◆ **Instructions for the task**
Starting at the line that contains "재산 기준도 과세표준", transcribe each line exactly through the end of the data below, and skip any pictures.

----- Provided data -----

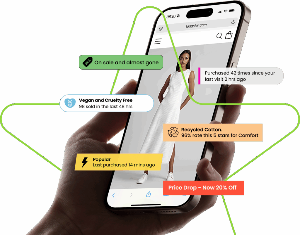 Taggstar elevates online shopping with real-time, data-driven messaging, helping shoppers make faster and more informed purchase decisions.
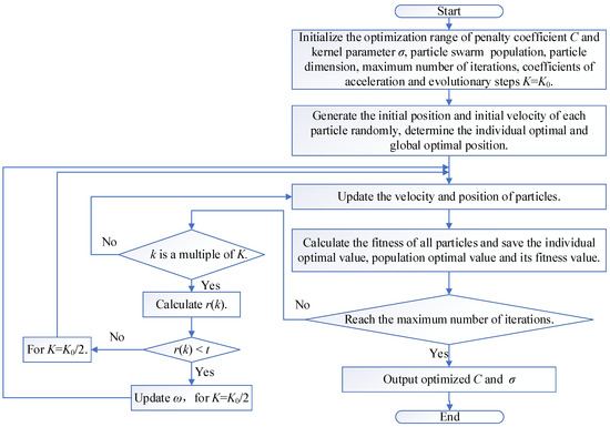 where K is a constant. For any l < k, , it can be seen from formula (9) that [0,1). The larger the , the better the algorithm evolution; otherwise, it becomes worse. When k > 0 and k is a multiple of K, the degree of evolution of the algorithm is calculated. If (t is the threshold value), then the inertia weight is randomly selected from the inertia weight set W as the current inertia weight; otherwise, it is retained. Because the above inertia weights were randomly selected, the currently selected inertia weights performed worse than the previous inertia weights. This study reduced the negative impact of this situation by decreasing the number of iteration steps; that is, when , K is taken as K/2 (if K is an odd number, it is taken as (K + 1)/2); otherwise, K is the initial value. The improved PSO was used to optimize the penalty coefficient C and kernel parameter of SVR. The root mean square error (RMSE) of the syrup brix was taken as the fitness value. The optimization process is shown in Figure 3.
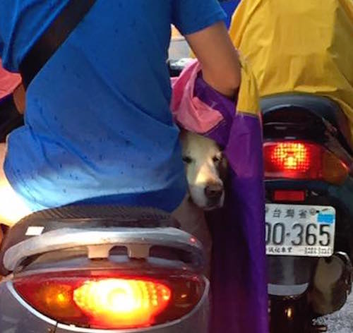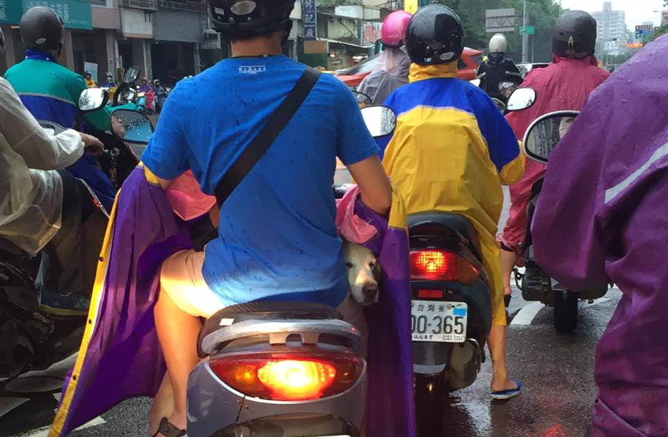 機車騎士下雨天雨衣穿前方? 網友看到「一顆狗頭」瞬懂心好暖
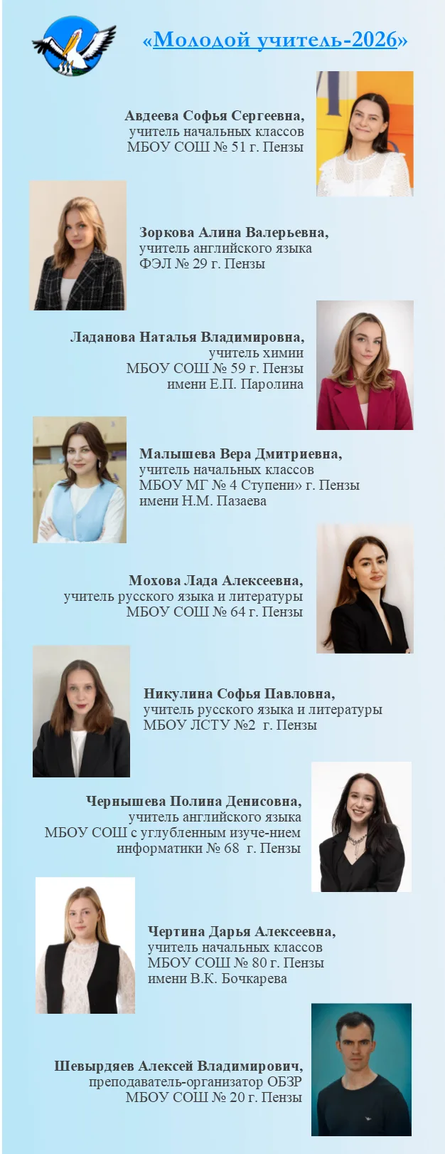 В 2026 году заявку на участие в конкурсе подали 9 молодых специалистов (3 учителя начальных классов, 2 учителя русского языка и литературы, 2 учителя английского языка, учитель химии и преподаватель-организатор ОБЗР):
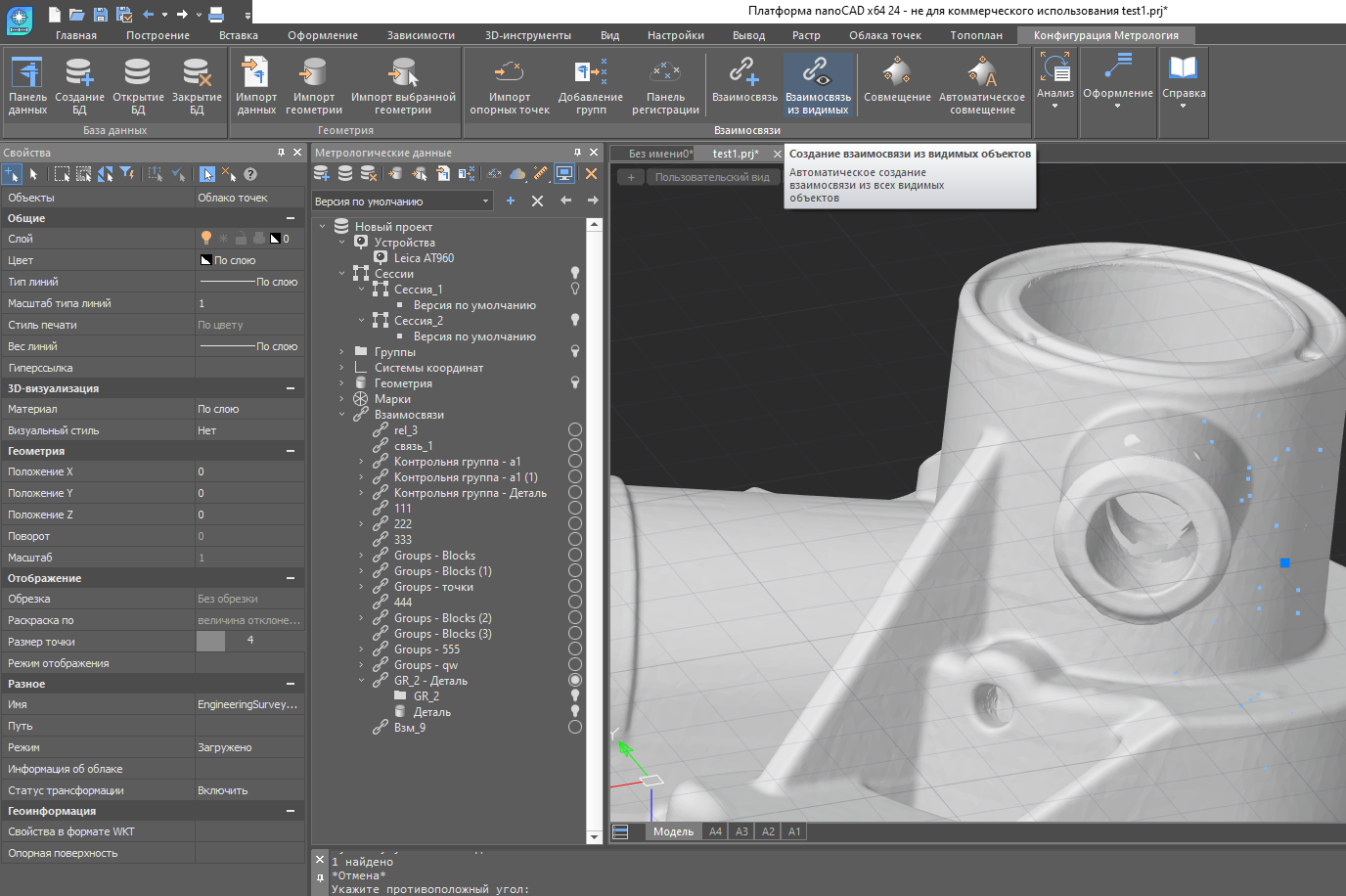 Измерения могут быть выполнены различными типами приборов (электронные тахеометры и теодолиты, лазерные и фотограмметрические сканеры, а также специализированное измерительное оборудование: лазерные радары, высокоточные трекеры, измерительные руки, КИМ и другие).
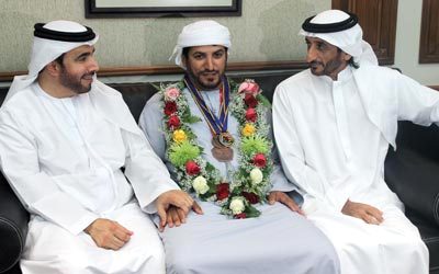 أحمد بن حشر مستقبلاً بطل آسيا. من المصدر
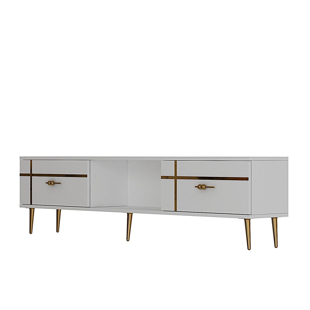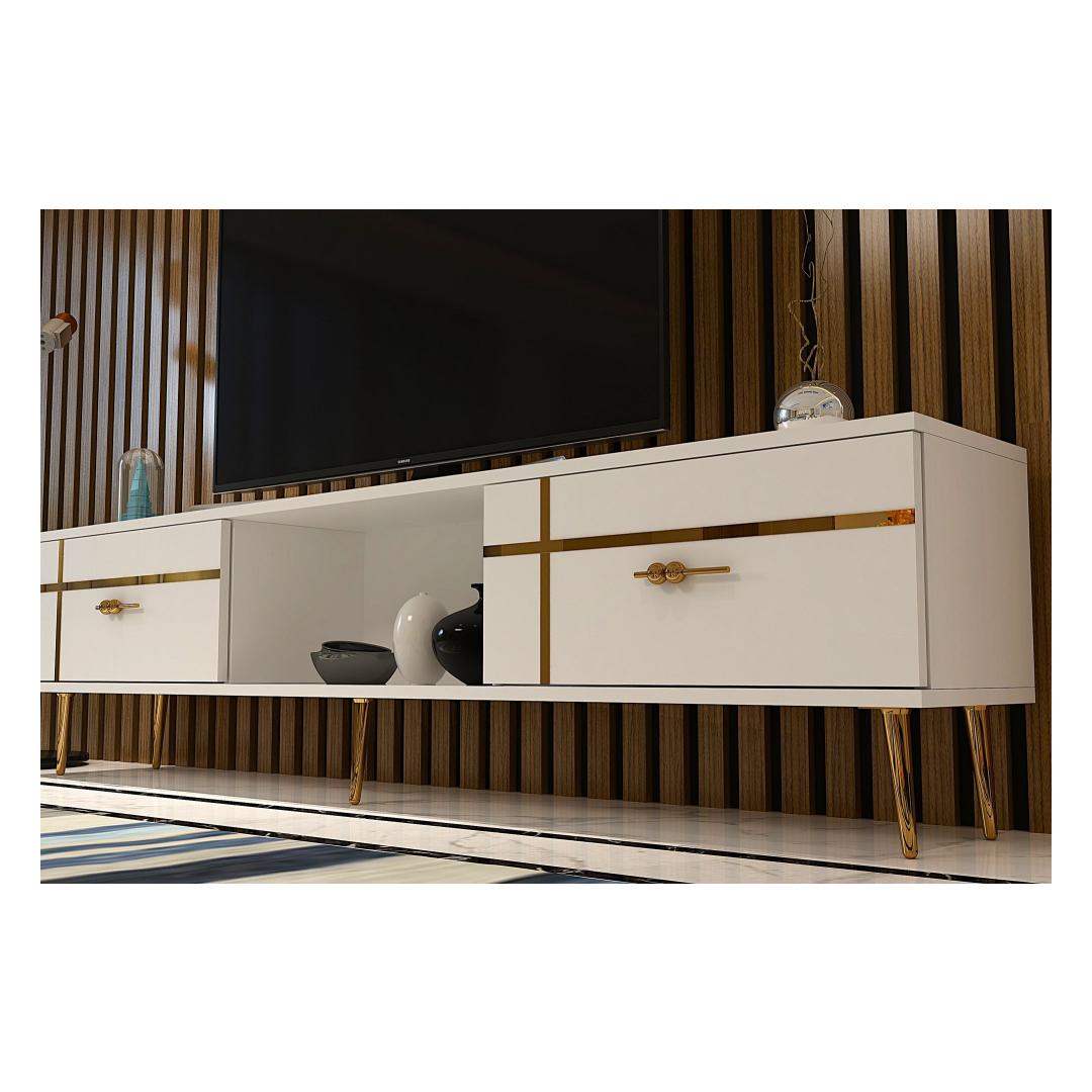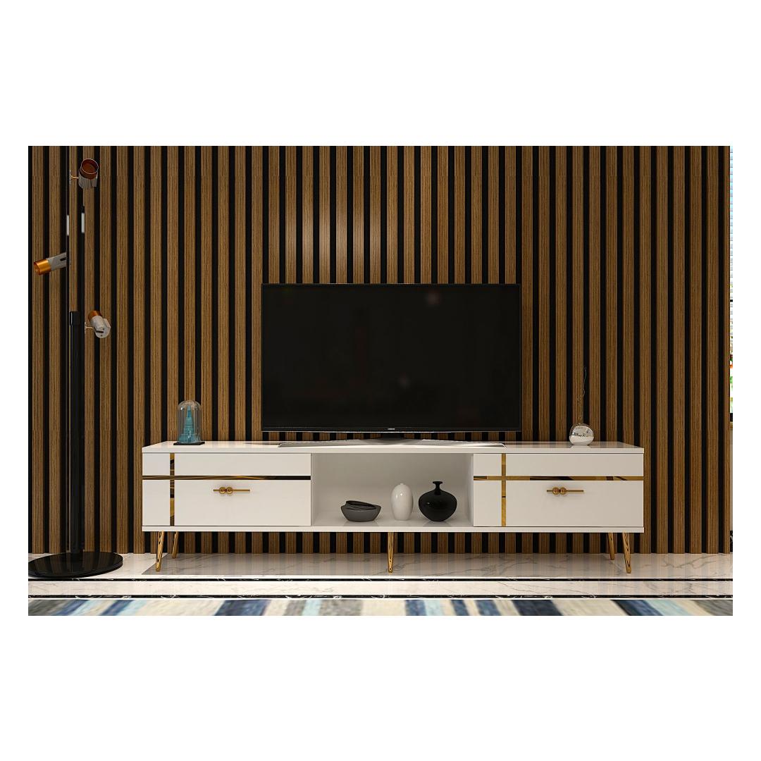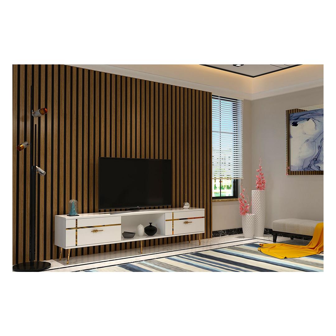 Transform your living space with our stunning TV stand, crafted from 100% melamine coated particle board. The sleek design and elegant combination of white and gold colors will instantly elevate the look of your room, adding a touch of luxury and sophistication.
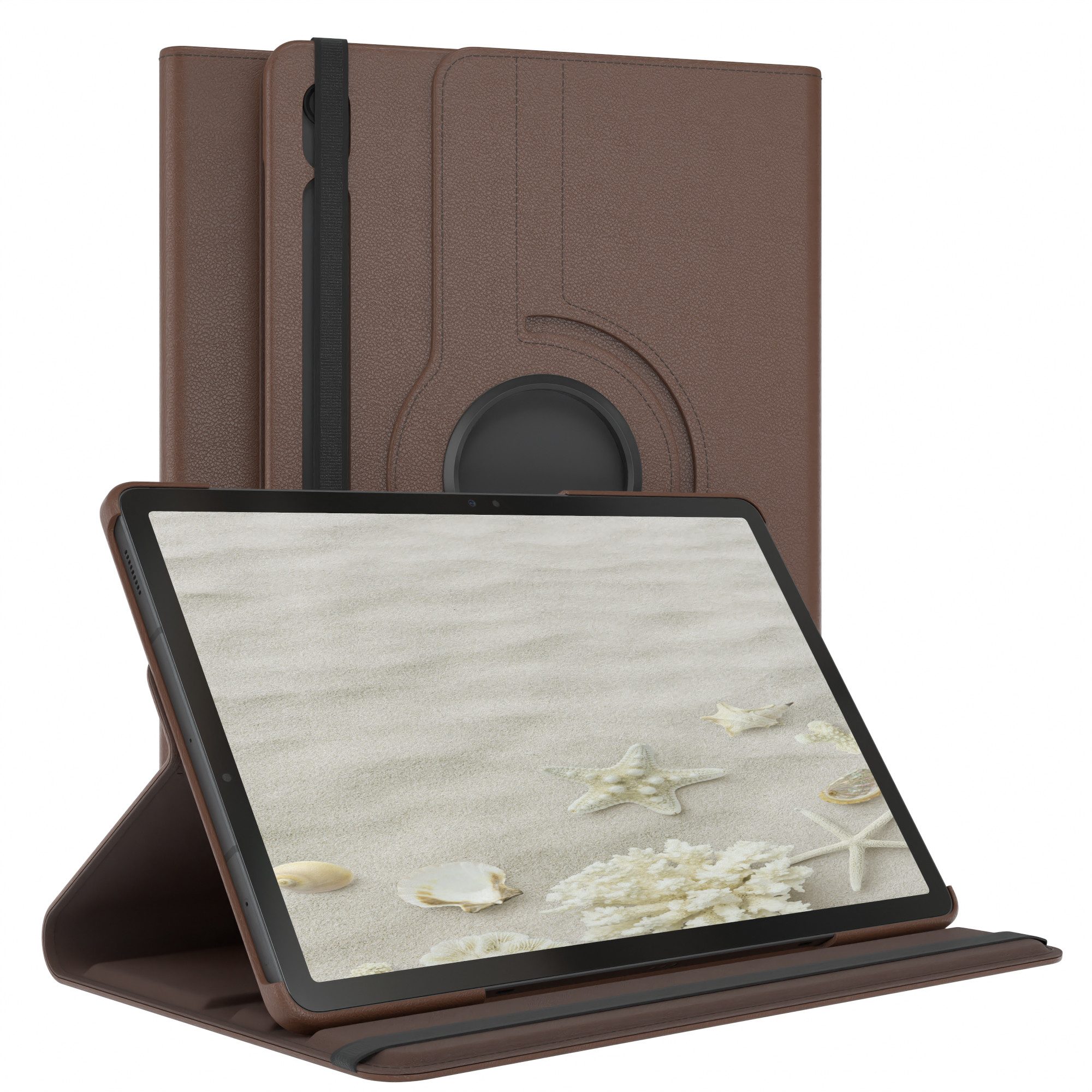 Ausstattung | Stoßschutz, Aussparungen für Knöpfe, Kameraaussparung, Magnetverschluss, Sleep & Wake Up Funktion, Mikrofaser Innenfutter, Standfunktion, Rotationsfunktion, Gummiband |
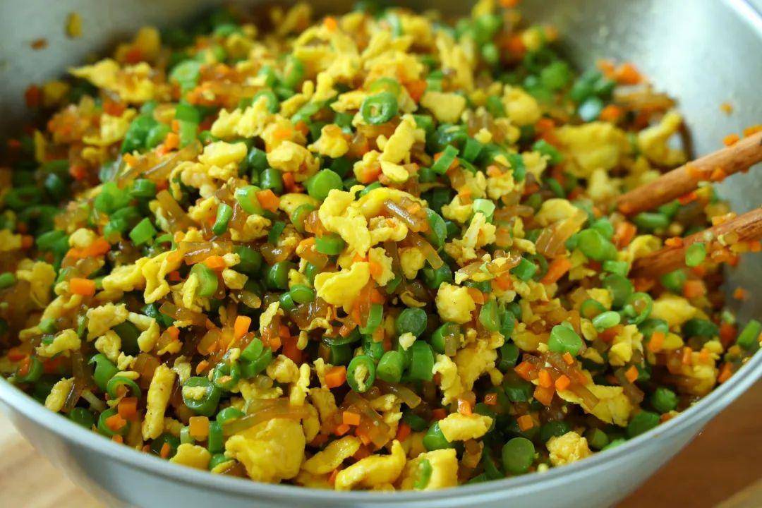 2、接下来,我们准备馅料。打散几个鸡蛋,在热油中迅速翻炒至金黄蓬松,盛出放凉备用。胡萝卜洗净去皮,切成细小的丁状,利用炒鸡蛋的余油,继续翻炒胡萝卜丁至其变软,这样不仅能提升胡萝卜的口感,还能更好地释放出其丰富的营养与甘甜。同时,将粉条提前煮软,切成小段,加入少许食用油和老抽拌匀,既防止粘连又增添了诱人的色泽。
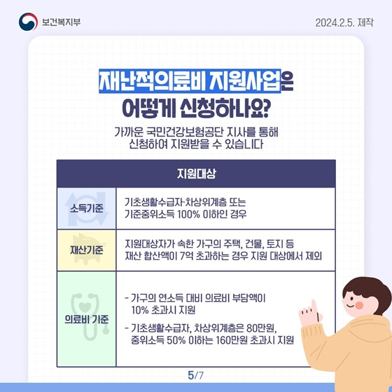 재산 기준도 과세표준 7억원 이하로 완화됐고, 의료비 부담률 요건은 기존의 ‘연소득 대비 15% 초과’에서 ‘10% 초과’로 낮아졌다. 입원 진료는 기존과 마찬가지로 모든 질환에 대해 신청할 수 있었지만, 완화된 심사 기준이 적용되면서 실제 승인 가능성이 크게 높아졌다.
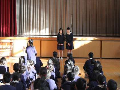 ビンゴのあと、環境委員会の児童が「ていねいにそうじをしましょう。」と呼びかけたり、児童会代表が「最近、他の府県で登下校で交通事故があったので、交通事故に遭わないためにどうしたらいいか、近くの人と相談しましょう。」とみんなで考えたりしました。
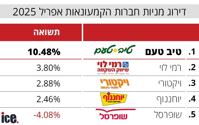 לפי דו"ח דירוג מניות הקמעונאות לחודש אפריל, הרשת שרשמה את העלייה החדה ביותר הייתה טיב טעם, עם תשואה חודשית של 10.48%. מיד אחריה דורגה רשת רמי לוי עם תשואה של 3.80% – שתיהן בלטו על רקע ביקושים גבוהים והסתערות של לקוחות לקראת החג.
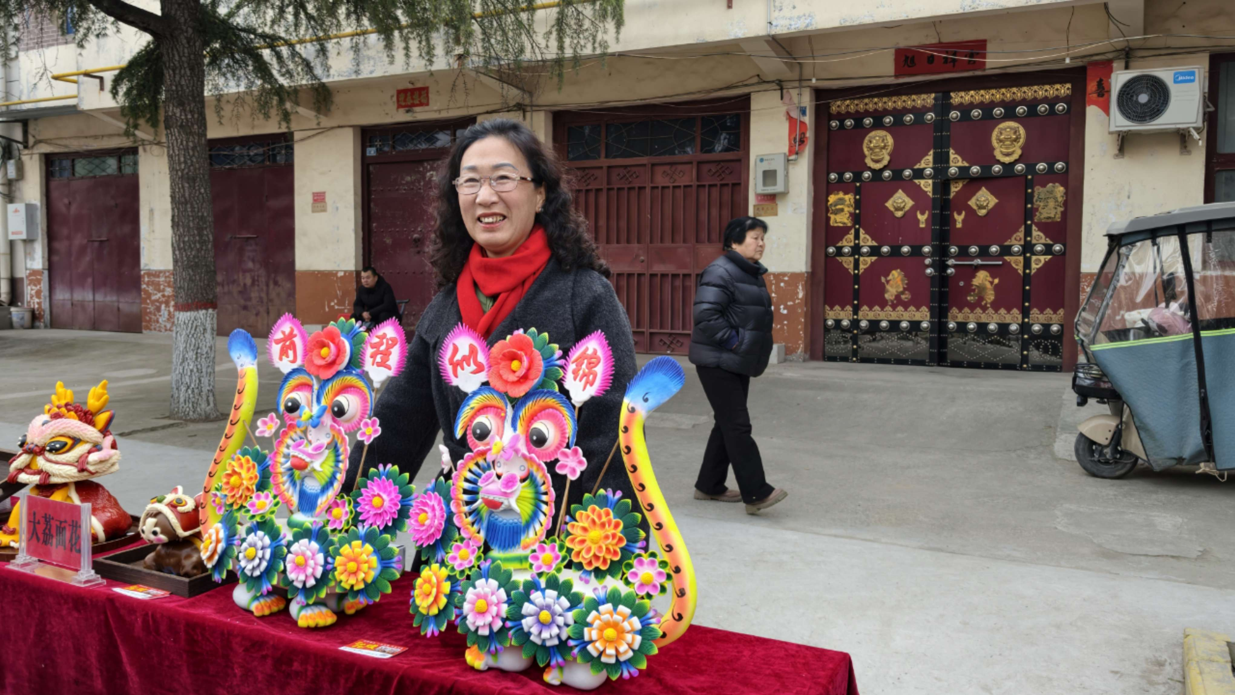 非遗艺人展示大荔花馍
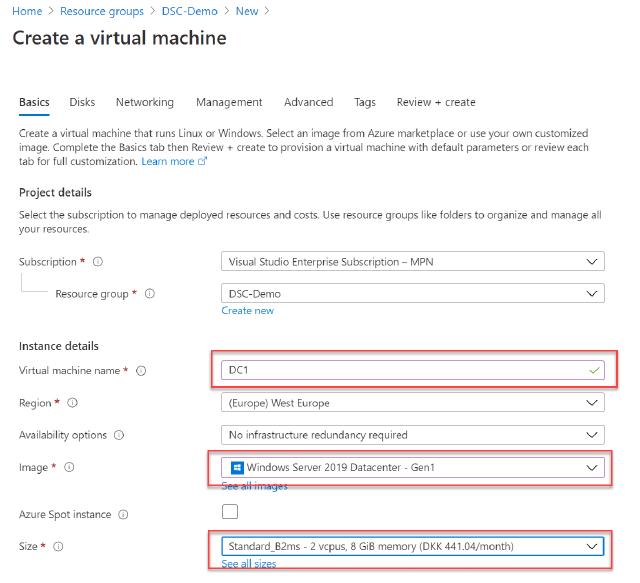 I name my domain controller DC1, choose “Windows Server 2019 Datacenter” as my image, and choose a machine type. I select a B2MS type that will do just fine.
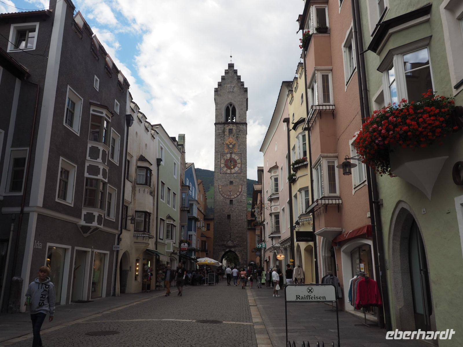 Ein hübsches Städtchen, dieses Sterzing. Ganz typisch sind die Arkaden, in denen man auch bei schlechtem Wetter bummeln oder draußen im Café sitzen kann. Aber heute zum Abschluss unserer Tour war nochmals schönstes Wetter, jedenfalls noch bis zum Abend.
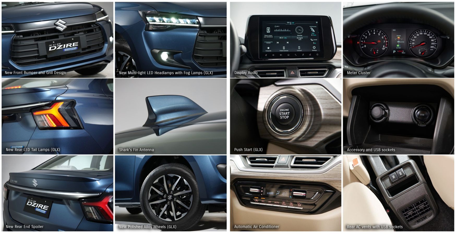 The All-New Dzire Hybrid showcases a more refined exterior with a redesigned front fascia, chrome-accented grille, and multi-light LED headlamps. Its sleek silhouette and sculpted body lines flow seamlessly into its new rear combination lamps, giving it a bold and elegant presence on the road. Inside, the Dzire features a spacious cabin with a premium, dual-tone interior accents, improved ergonomics, and a driver-centric dashboard layout.

-----

◆ **Response to the exercise**
 재산 기준도 과세표준 7억원 이하로 완화됐고, 의료비 부담률 요건은 기존의 ‘연소득 대비 15% 초과’에서 ‘10% 초과’로 낮아졌다. 입원 진료는 기존과 마찬가지로 모든 질환에 대해 신청할 수 있었지만, 완화된 심사 기준이 적용되면서 실제 승인 가능성이 크게 높아졌다.
 ビンゴのあと、環境委員会の児童が「ていねいにそうじをしましょう。」と呼びかけたり、児童会代表が「最近、他の府県で登下校で交通事故があったので、交通事故に遭わないためにどうしたらいいか、近くの人と相談しましょう。」とみんなで考えたりしました。
 לפי דו"ח דירוג מניות הקמעונאות לחודש אפריל, הרשת שרשמה את העלייה החדה ביותר הייתה טיב טעם, עם תשואה חודשית של 10.48%. מיד אחריה דורגה רשת רמי לוי עם תשואה של 3.80% – שתיהן בלטו על רקע ביקושים גבוהים והסתערות של לקוחות לקראת החג.
 非遗艺人展示大荔花馍
 I name my domain controller DC1, choose “Windows Server 2019 Datacenter” as my image, and choose a machine type. I select a B2MS type that will do just fine.
 Ein hübsches Städtchen, dieses Sterzing. Ganz typisch sind die Arkaden, in denen man auch bei schlechtem Wetter bummeln oder draußen im Café sitzen kann. Aber heute zum Abschluss unserer Tour war nochmals schönstes Wetter, jedenfalls noch bis zum Abend.
 The All-New Dzire Hybrid showcases a more refined exterior with a redesigned front fascia, chrome-accented grille, and multi-light LED headlamps. Its sleek silhouette and sculpted body lines flow seamlessly into its new rear combination lamps, giving it a bold and elegant presence on the road. Inside, the Dzire features a spacious cabin with a premium, dual-tone interior accents, improved ergonomics, and a driver-centric dashboard layout.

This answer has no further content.